I use Disco's dry brine, hot smoked, bacon recipe most of the time.  It gives great flavor and is a simple and straight forward approach.

As far as flavorings go, I would try at least one slab of sugar/salt/cure bacon before experimenting with flavors.

My $0.02....

JC


----------



## OldFartFarmer (Jul 9, 2019)

you have a link to Disco's dry brine method ?


----------



## BigW. (Jul 9, 2019)

Here you go...and then some.

https://www.smokingmeatforums.com/threads/discos-posts.282215/#post-1902558


----------



## zwiller (Jul 9, 2019)

Welcome!

So many ways to make bacon and so little time.  +1 to Bear's and Disco's bacon threads.  Also check out Pop's brine: no need to use math or scale.  I found this a bit easier in the beginning.  I prefer mine cold smoked a long time (24hrs).  Hopefully you see it in your research but the common cure rate is 1/4" per day thickness.


----------



## Bearcarver (Jul 9, 2019)

Oursmokinghobby said:


> i have spent the past couple hours researching the forum about bacon.... hoping to prevent any costly mistakes with our first try.
> 
> We have a Smoke Hallow 38202G Vertical.
> 
> ...




That recipe you followed was not curing long enough---4 or 5 days is too short.
Depending on how thick your Belly is, it should cure for 8 to 14 days.
If you want to use Tender Quick, and you can get temps between 100° and 130°, then the following Step by Step should be your "Huckleberry".
It shows you everything you need to know:
*Bacon (Extra Smoky)*


Bear


----------



## bill ace 350 (Jul 9, 2019)

Check out Pop's Brine.  easy, nearly foolproof for bacon.


----------



## daveomak (Jul 9, 2019)

Purchase a needle valve and install it between the regulator and burner...  That will allow for a reduced propane flow and cooler temps in the smoker....  
Then modify your burner to handle the lower propane flow...  
You can plug up to ~75% of the holes....


----------



## rexster314 (Jul 9, 2019)

Use this calculator and with Cure #1. Digging Dog Calculator. You'll never go wrong and easy to figure different weights of pork belly. I also use it for figuring cure for canadian bacon. I don't have room for Pop's brine, although I have used it a couple of times for pork butt/buckboard bacon. Follow the amounts religiously and you can add whatever else seasonings you want. Bellies will be ready in 7 days, or you can go longer. My ratio is perfect as I don't have to rinse them for excess salt. I do close to 200 pounds of pork bellies each month this way, then cold smoke in my MES 40" smokers using the AMAZEN smoking tubes.


----------



## chopsaw (Jul 9, 2019)

JC in GB said:


> you need to ignore what others consider a success and concentrate on what you want the finished product to be.

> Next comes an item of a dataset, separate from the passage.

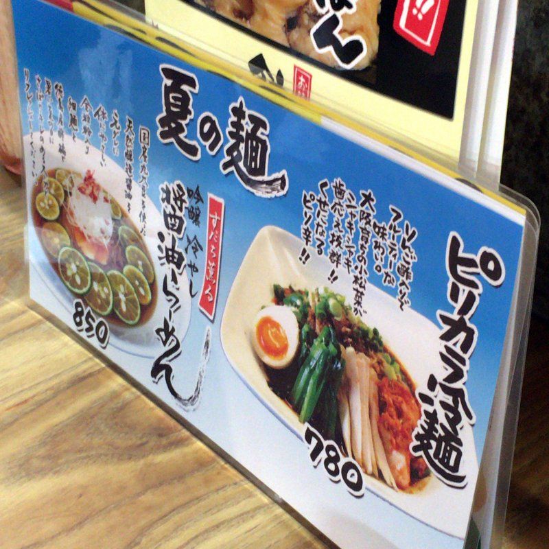 今日紹介する大阪の老舗は、東梅田の堂山町交差点近くにあるラーメン店まんねん梅田本店。今日はここの夏季限定メニュー 夏の麺 吟醸冷やし醤油らーめん850円と椰子(ココナッツ)プリン300円を注文してみた。

Smoking hobby , until you figure out what to do and how to do it , I would ( and did ) listen to any and all opinions and methods . I have tried them all . They all work , they are all good , and they are all different .


----------



## JC in GB (Jul 10, 2019)

chopsaw said:


> Smoking hobby , until you figure out what to do and how to do it , I would ( and did ) listen to any and all opinions and methods . I have tried them all . They all work , they are all good , and they are all different .



Agreed.  I didn't mean that As broadly As it may have sounded.  I am speaking more of things like is brown sugar better  than white sugar, what kind of  smoke is best, that sort of thing.
As long as you follow safe handling guidelines you should be fine.


----------



## chopsaw (Jul 10, 2019)

JC in GB said:


> I didn't mean that As broadly As it may have sounded.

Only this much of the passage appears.